===== SOURCE DATA

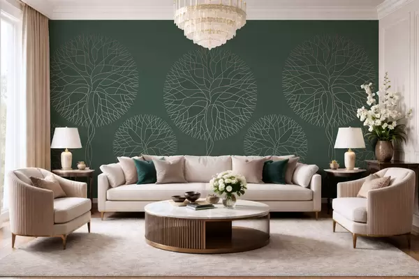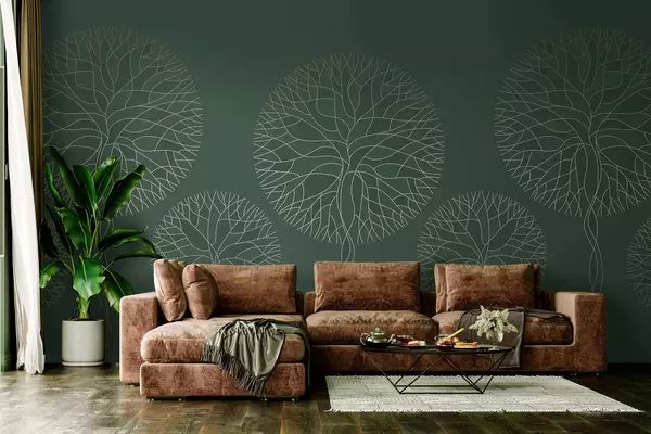 Fotobehang Fantastische lineaire bomen met weelderige kronen in elegante donkergroene tinten N° w05213v2
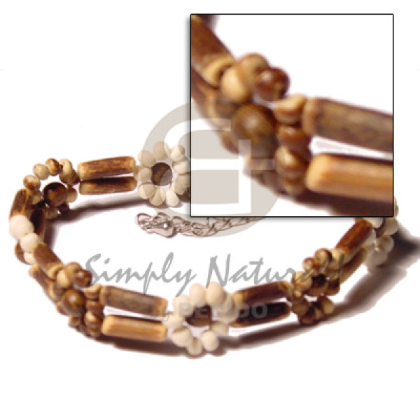 2 rows sig-id wood tube tiger/bleach white 2-3mm coco pokalet flower..
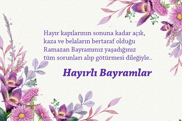 Ramazan Bayramınızı en içten dileklerimle kutlar, sağlık, mutluluk ve sevgi dolu günler dilerim. Bayramınız mübarek olsun, sevdiklerinizle birlikte nice bayramlar geçirmeniz dileğiyle.
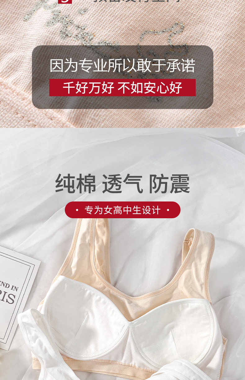 少女內衣三階段文胸發育期16嵗女孩青少年18純棉學生固定杯防震
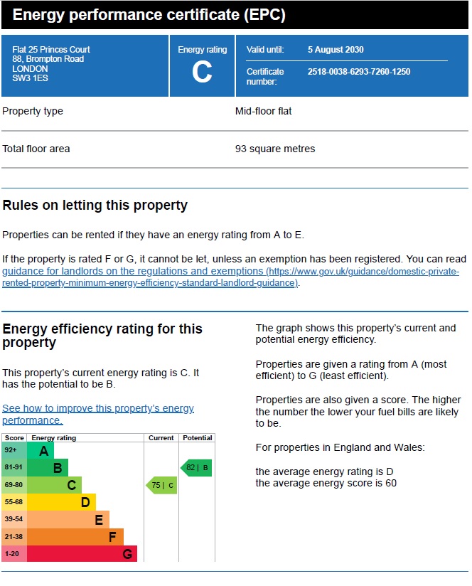 The property comprises a spacious reception room with plenty of natural light. Master bedroom with en-suite bathroom and further double bedroom with en-suite shower room. Modern fully fitted kitchen and bathrooms. Air conditioning throughout. Princes Court is a purpose-built residential block located directly opposite Harrods with Hyde Park a few minute‘s walk away and easy access to Imperial College, Chelsea, Kensington and the West End. Princes Court is wonderfully located for the outstanding shopping, restaurants, hotels, schools and transport links that Knightsbridge has to offer.
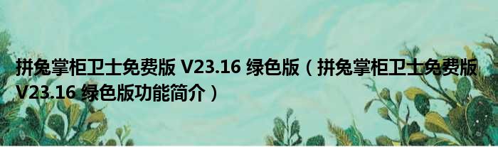 拼兔掌柜卫士免费版 V23.16 绿色版(拼兔掌柜卫士免费版 V23.16 绿色版功能简介)
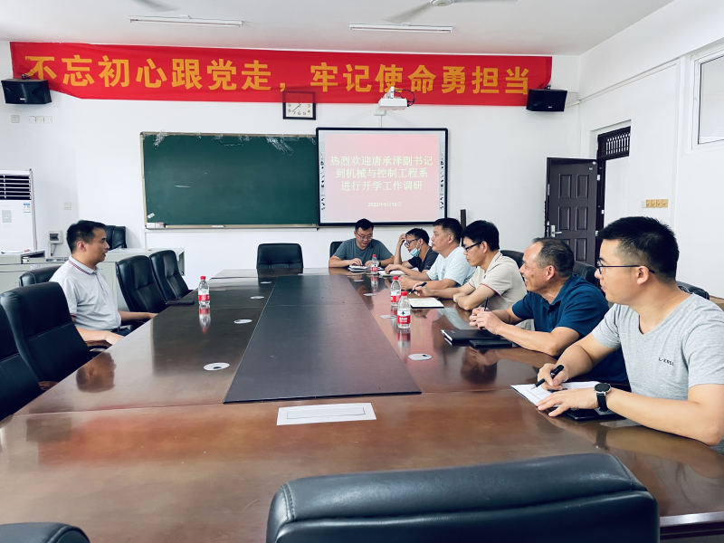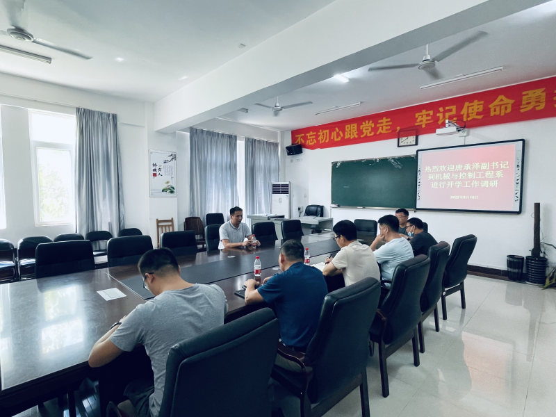 9月16日上午,分校党委副书记唐承泽到机械与控制工程系3205会议室开展开学工作调研座谈会,机械与控制工程系主任黄荣学、副主任甘卓权、党总支书记袁斌、副书记李杰、教师范豪等参与会谈。

==========

**ABOUT THIS TASK:** Using the entries above, transcribe every line from the line containing "2 rows sig-id" through the line containing "少女內衣三階段文胸發育期16嵗女孩青少年18純棉學生固定杯防震". Do not copy pictures.

**ANSWER:**
 2 rows sig-id wood tube tiger/bleach white 2-3mm coco pokalet flower..
 Ramazan Bayramınızı en içten dileklerimle kutlar, sağlık, mutluluk ve sevgi dolu günler dilerim. Bayramınız mübarek olsun, sevdiklerinizle birlikte nice bayramlar geçirmeniz dileğiyle.
 少女內衣三階段文胸發育期16嵗女孩青少年18純棉學生固定杯防震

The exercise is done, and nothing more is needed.